Scheme 2 Fragmentation pathways observed for the MALDI-LID-ToF/ToF of acrylate homopolymers and copolymers. The △ and ○ species are the only two observed in the spectra, as they are the only “none radical”, and hence stable, species that can come from the radical backbiting regime, which drives the fragmentation.

Fig. 3 (A) Assignment of the 200 to 800 m/z range of the poly(methyl acrylate) homopolymer. Beyond this point the peaks continue as a major series of fragments of increasing repeat unit. (B) Comparison of all the fragment chains from one and other.

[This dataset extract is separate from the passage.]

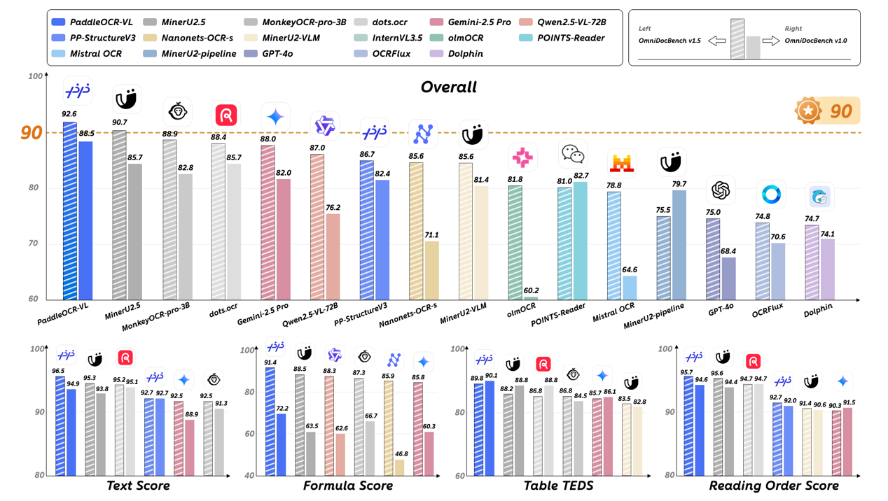 【赛迪网讯】10月16日晚,百度正式发布并开源自研多模态文档解析模型PaddleOCR-VL。在全球权威文档解析评测榜单OmniBenchDoc V1.5中,PaddleOCR-VL以92.6分取得综合性能全球第一成绩,四大核心能力(文本、表格、公式、阅读顺序)全线SOTA,超越 GPT-4o、Gemini-2.5 Pro、Qwen2.5-VL-72B等主流多模态大模型,以及MonkeyOCR-Pro-3B、MinerU2.5、dots.ocr等OCR专业模型,刷新全球OCR VL模型性能天花板。

A poly(ethyl acrylate) homopolymer was then examined to confirm that the fragmentation pathway is the same as the poly(methyl acrylate). The conventional MALDI-ToF spectra, Fig. 4A, showed only bromine terminated poly(ethyl acrylate). The peak at m/z = 2618 was isolated and a MALDI-LID-ToF/ToF spectrum taken. The pathway is the same as the poly(methyl acrylate), Scheme 2, however, the ○ fragments of the poly(ethyl acrylate) homopolymer tend to be larger, as there are high intensity peaks at 323, 523, 723 and 923 m/z, with slightly lower intensity peaks at 423, 623 and 823 m/z (Fig. 5B & D). These peaks express that the radical backbiting process tends to pass the radical further down the chain when compared to the poly(methyl acrylate) homopolymer. This is believed to be due to the increased steric hindrance the longer alkyl (R) chain (Fig. 1) provides, and hence it is therefore more energetically unfavorable to undergo the backbiting process close to the original radical formation.

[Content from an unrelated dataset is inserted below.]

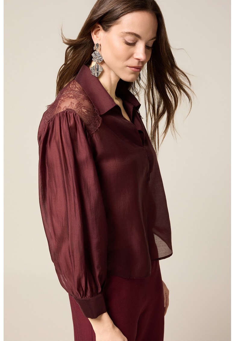 - lyocell Croiala: regular fit Guler: clasic Lungime maneca: maneca lunga Detalii: aspect semi transparent Sistem inchidere: nasturi Compozitie Exterior: 83% lyocell

Fig. 4 (A) Full MALDI-ToF spectra of the poly(ethyl acrylate). (B) Expansion of the 2400–2550 m/z, showing the repeat unit and that this is the only series in the sample. This means that there have been no changes to the end group configuration, such as those seen in the poly(methyl acrylate).

Fig. 5 (A) (Top Left) Full MALDI-LID-ToF/ToF spectra of the poly(ethyl acrylate) homopolymer, the large few peaks are loss of bromine end group. (B) (Top Right) Expansion to exclude the large end group peak and showing the backbone cleavages. (C) (Bottom Left) expansion of the 200–1000 m/z region, showing the assignment as similar as poly(methyl acrylate) but with higher mass fragments. (D) (Bottom Right) isolating those fragments only.

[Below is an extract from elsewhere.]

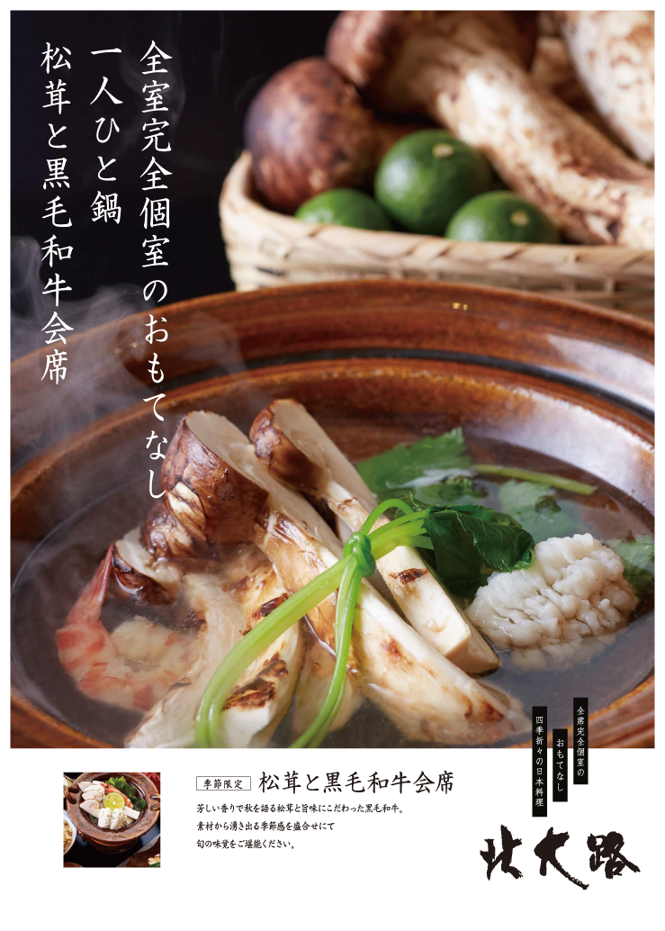 一人ひと鍋、ご接待に相性の良い、松茸と黒毛和牛会席会席。 芳しい香りで秋を語る松茸と旨味にこだわった黒毛和牛。 素材から湧き出る季節感を盛り合わせにて旬の味覚をご堪能ください。 ご接待、ご会食、お顔合わせ、外国の方のおもてなしなど、様々なシーンにおすすめのコースです。日本の伝統の味を贅沢にお楽しみください。 2018年6月4日(月)より販売を開始いたします。

In an attempt to characterize this MALDI-ToF and MALDI-LID-ToF/ToF spectra of two different poly(butyl acrylate) homopolymers was recorded. Both poly(n-butyl acrylate) and poly(iso-butyl acrylate) were used so as to investigate any steric effects from the R group while keeping the other chemical properties as similar as possible.

These polymers were synthesized with a chlorinated end group from a chlorine containing initiator, this is due to the end group of the EBIB (ethyl α-bromoisobutyrate) synthesized polymers has the same empirical formula as a repeat unit of butyl acrylate. This causes the secondary fragment to overlap with the first fragment, and hence methyl-2-chloropropionate was used as an initiator to synthesize these two poly(butyl acrylate) polymers.

Both MALDI-ToF spectra showed that the polymers were similar in terms of mass distribution. Chlorine terminated polymer chains form the highest intensity peaks in the spectra, with a smaller secondary distribution of hydrogen-terminated chains. The 2578 m/z peak, was isolated from both the poly(n-butyl acrylate) and poly(iso-butyl acrylate) polymers, for MALDI-LID-ToF/ToF measurement.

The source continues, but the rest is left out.